EXERCISE AIM: Beginning with the line containing "by PASDUCHAS is" and ending with the line containing "Dimensões da caixa", write out each line of the records below exactly; pictures and lines outside that range are left out.

(RECORDS begins)

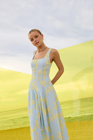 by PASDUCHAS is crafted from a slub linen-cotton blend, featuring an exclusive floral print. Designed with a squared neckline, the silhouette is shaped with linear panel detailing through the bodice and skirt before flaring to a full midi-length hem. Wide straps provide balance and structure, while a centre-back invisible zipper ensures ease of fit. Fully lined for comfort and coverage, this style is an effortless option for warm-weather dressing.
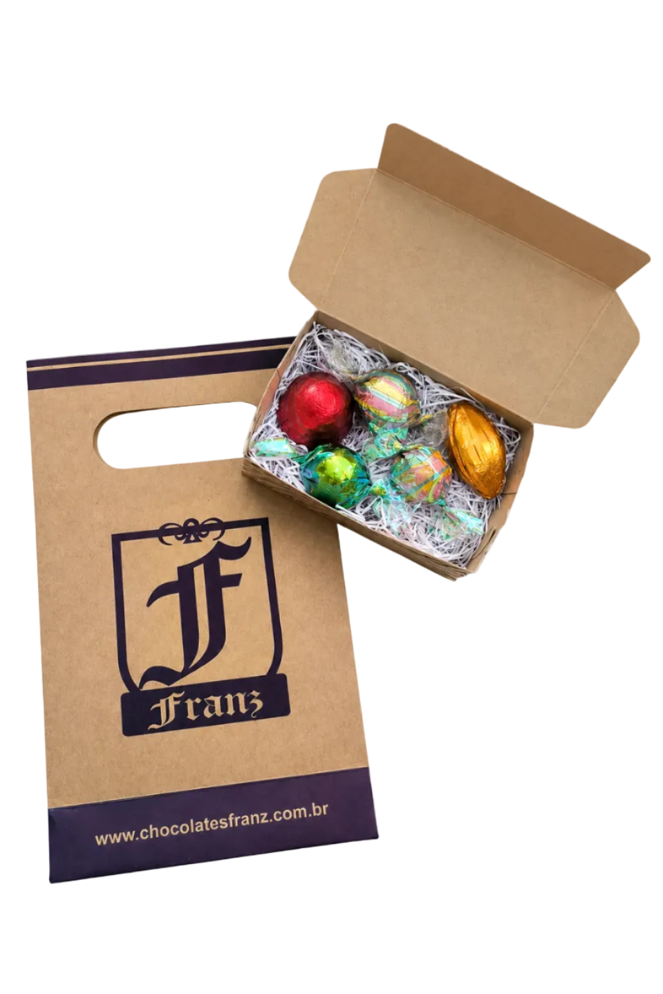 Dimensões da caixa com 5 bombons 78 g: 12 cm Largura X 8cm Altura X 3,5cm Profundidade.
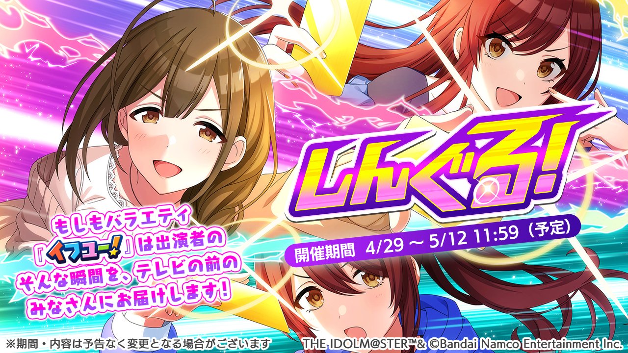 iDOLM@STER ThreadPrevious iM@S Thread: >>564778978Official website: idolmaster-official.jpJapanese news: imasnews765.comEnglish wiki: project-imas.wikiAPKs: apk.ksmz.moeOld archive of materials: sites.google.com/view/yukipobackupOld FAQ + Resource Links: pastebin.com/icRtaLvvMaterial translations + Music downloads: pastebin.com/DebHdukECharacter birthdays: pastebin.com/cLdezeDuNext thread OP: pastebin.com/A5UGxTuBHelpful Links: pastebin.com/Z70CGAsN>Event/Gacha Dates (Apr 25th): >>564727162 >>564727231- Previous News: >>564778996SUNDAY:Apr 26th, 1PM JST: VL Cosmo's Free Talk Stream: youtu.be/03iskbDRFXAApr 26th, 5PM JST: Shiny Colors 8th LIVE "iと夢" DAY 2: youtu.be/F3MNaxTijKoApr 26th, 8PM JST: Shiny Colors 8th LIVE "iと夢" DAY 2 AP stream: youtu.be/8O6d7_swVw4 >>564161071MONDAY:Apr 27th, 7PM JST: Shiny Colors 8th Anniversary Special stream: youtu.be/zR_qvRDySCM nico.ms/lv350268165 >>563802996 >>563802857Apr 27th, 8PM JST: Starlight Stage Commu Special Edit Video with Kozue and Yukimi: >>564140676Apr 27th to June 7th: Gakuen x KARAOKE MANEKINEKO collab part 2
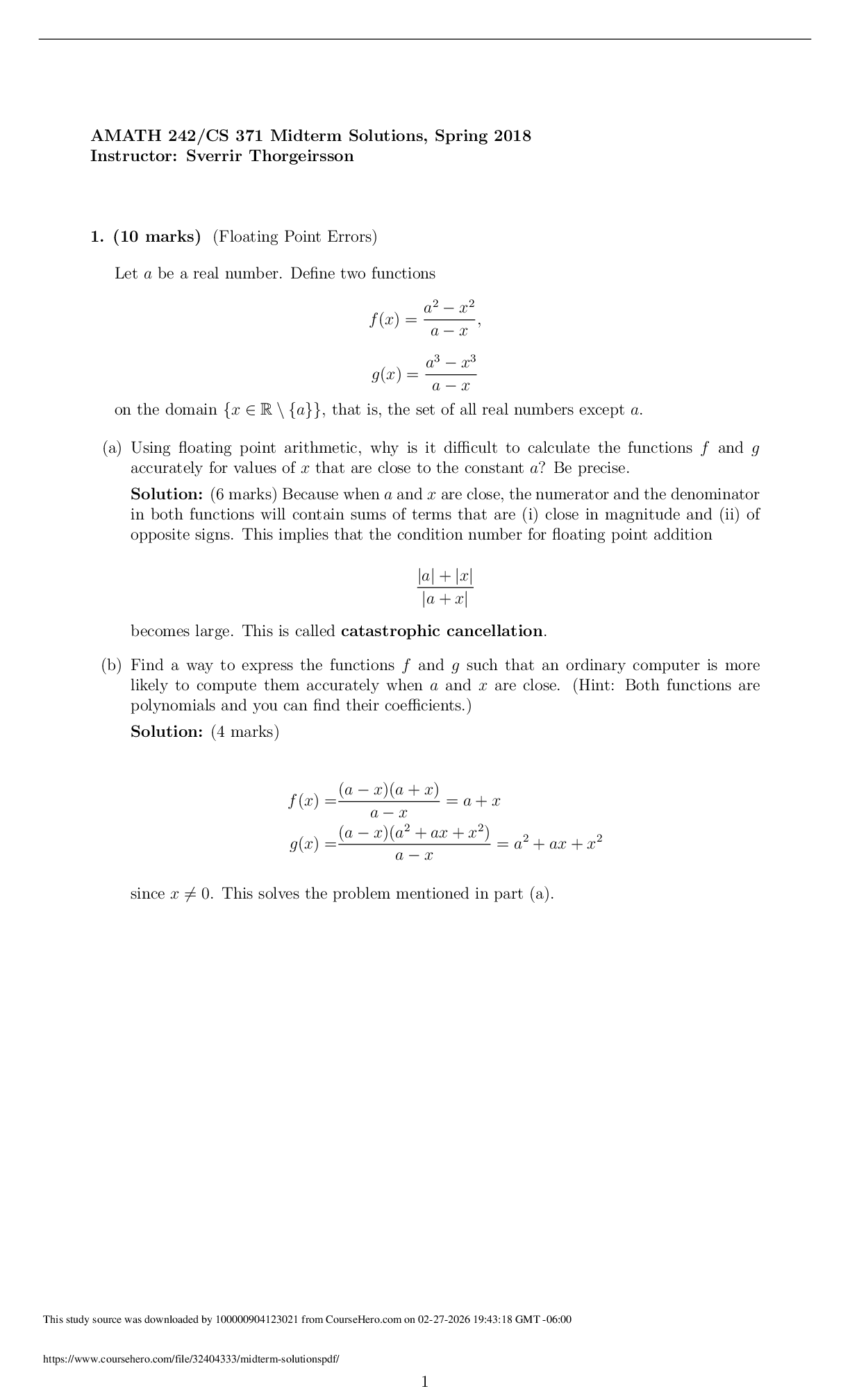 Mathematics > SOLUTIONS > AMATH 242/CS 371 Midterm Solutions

(RECORDS ends)
(RECORDS begins)

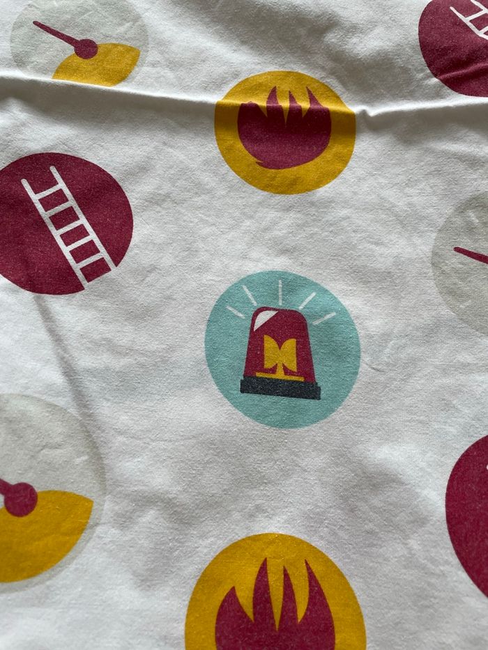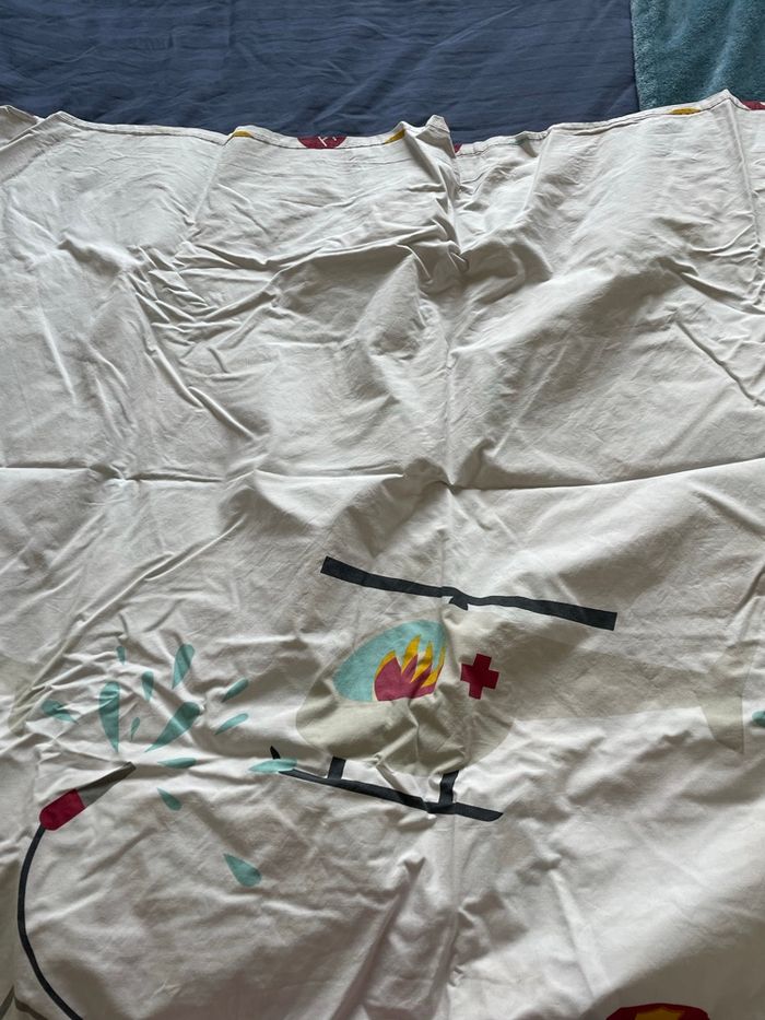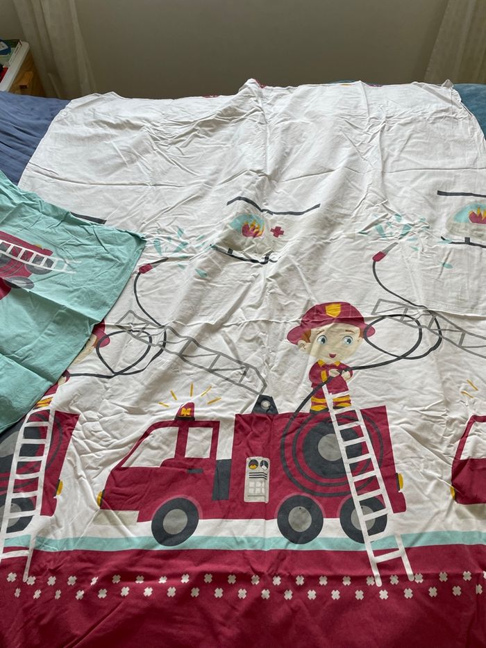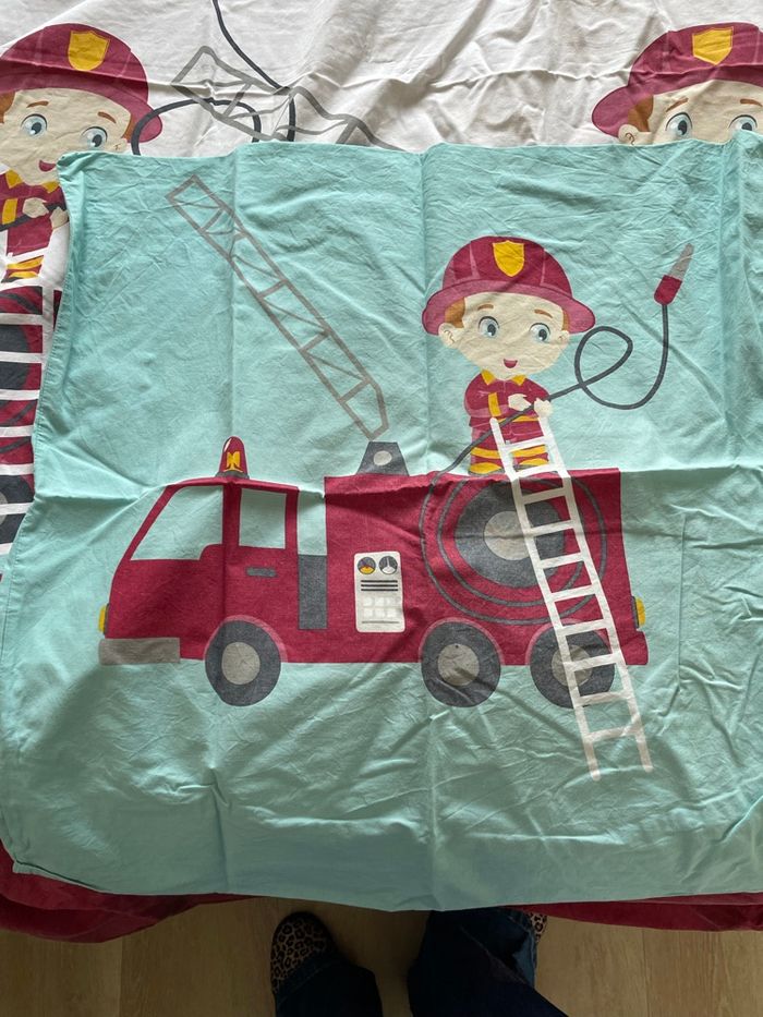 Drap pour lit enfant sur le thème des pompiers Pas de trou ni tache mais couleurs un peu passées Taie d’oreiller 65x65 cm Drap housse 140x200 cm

(RECORDS ends)

SOLUTION:
 by PASDUCHAS is crafted from a slub linen-cotton blend, featuring an exclusive floral print. Designed with a squared neckline, the silhouette is shaped with linear panel detailing through the bodice and skirt before flaring to a full midi-length hem. Wide straps provide balance and structure, while a centre-back invisible zipper ensures ease of fit. Fully lined for comfort and coverage, this style is an effortless option for warm-weather dressing.
 Dimensões da caixa com 5 bombons 78 g: 12 cm Largura X 8cm Altura X 3,5cm Profundidade.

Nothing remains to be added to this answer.